A gazillion recruiters calling my cell phone, two offers, one new job, and zero neckties: Breaking the rules to find a new job

Filed under: Software Blog — marcstober @ 6:07 am

“Hi Marc, this is Mike from the sleazy consulting group in Boston. I saw your resume online and would like you speak to you about a .NET position for a client that I think would be a perfect fit for your background. I am in today and my direct number is 617-123-4567. (If it turns out this position isn’t the right fit for you, I wonder if you know anyone who would be looking for such a position?)”

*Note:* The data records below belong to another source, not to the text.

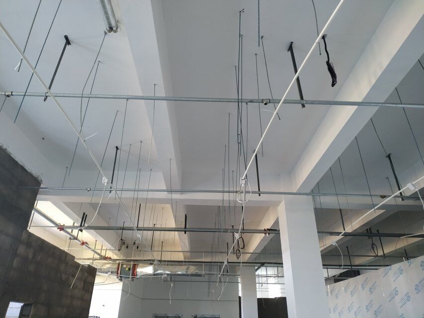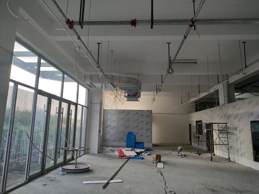 青島盛客隆食品有限公司廠裝修,吊筋安裝完成,墻板開孔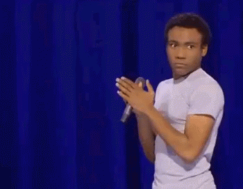 Childish Gambino (Donald Glover) clapping his hands on stage in front of a blue curtain.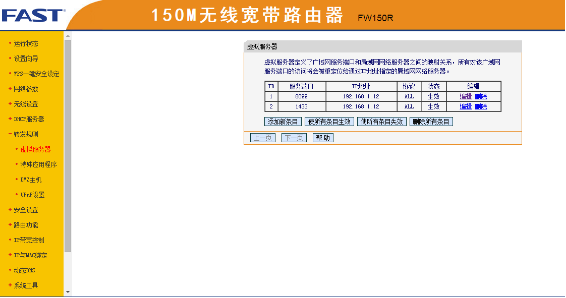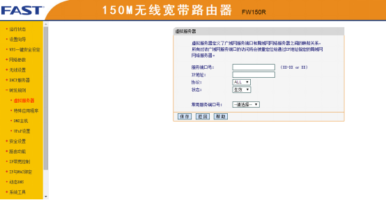????①如果主機電腦是通過路由器上網(wǎng),就需要在路由器上配置端口映射。(這一步驟需要對路由器進行配置,圖1和圖2為迅捷FAST 150M路由器的設置方法。每種路由器的配置稍有不同,可在購買動態(tài)IP解析服務后,聯(lián)系我們客服幫助進行遠程配置)

I probably got around two hundred messages like this. Always the emphasis on some insignificant words that make the message sounds businesslike, without actually talking about the job. Always the line about the job being a great fit, which I learned from experience usually means that they don’t have a client, yet, but they’re cold-calling managers and want candidates ready to go when they schedule an interview. Often making me depressed that I haven’t been invited to the parties of unemployed software developers.

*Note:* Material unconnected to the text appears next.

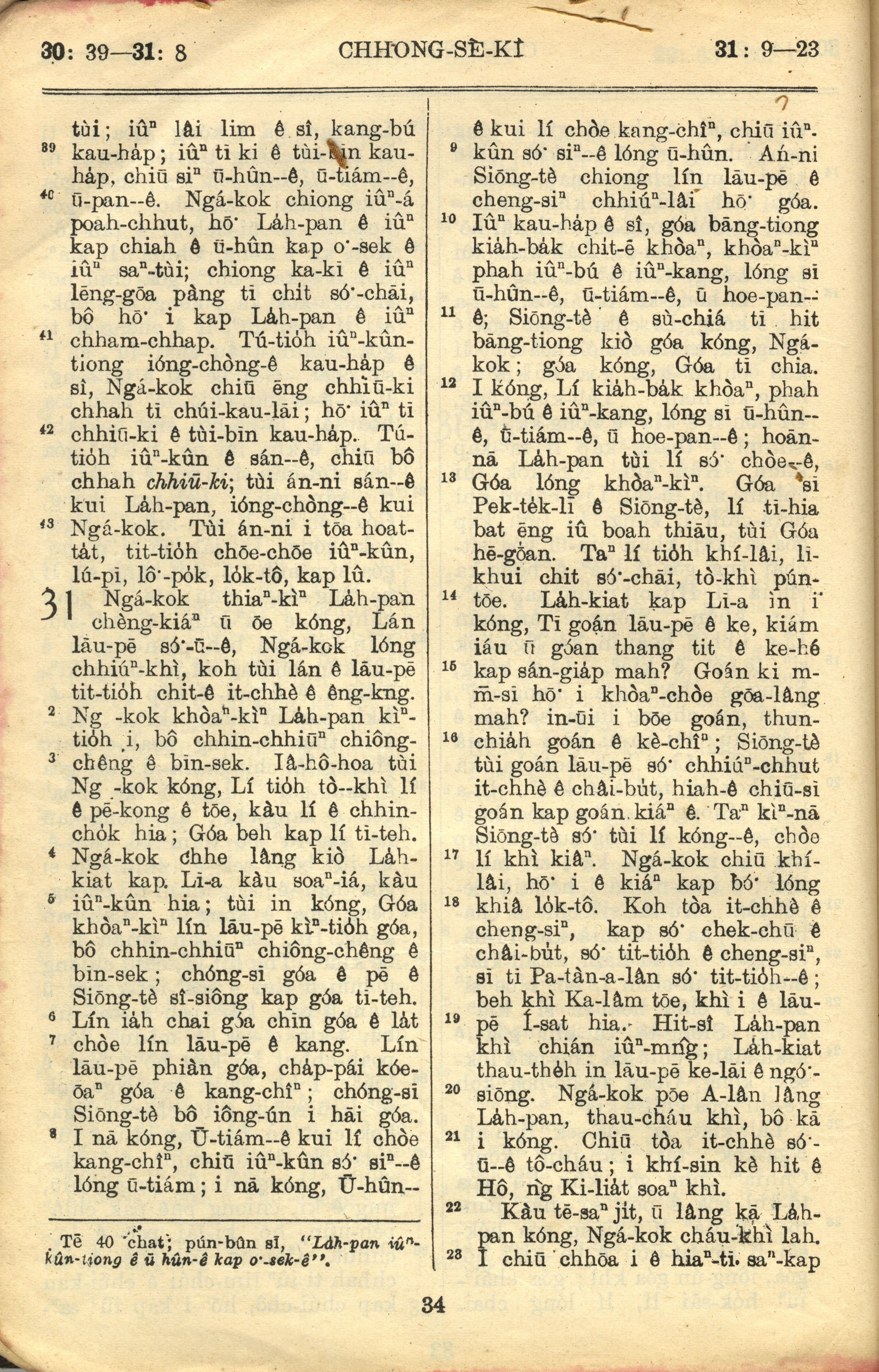 1957年巴克礼全罗台语圣经串珠版 创世记 30 章 39 节到 31 章 23 节

This is my second “mid-career” job search—what at one time I would have called a “real grown-up job.” All the idiomatic advice that was drilled into my subconscious work ethic in college and earlier no longer applies:

What “they” say:

Instead:

You need go out and pound the pavement and be willing to do whatever, because you need a job.

You’re not going to pay the mortgage doing just whatever. You need to be selective. Especially if your time is already committed to a current job.

Your resume should not be more than one page.

Your resume should read like a mail-order catalog full of projects a potential employer can get done by hiring you.

The point of a job interview is to correctly answer the questions you’re asked. Try to o think of one or two intelligent-sounding questions you can ask at the end.

A job interview is basically a sales call, and you can do better if you control the conversation. (Read Ask the Headhunter.) Before you accept a job, however, you’ll want to ask some questions to make sure you’ll actually get the resources to succeed in the new position.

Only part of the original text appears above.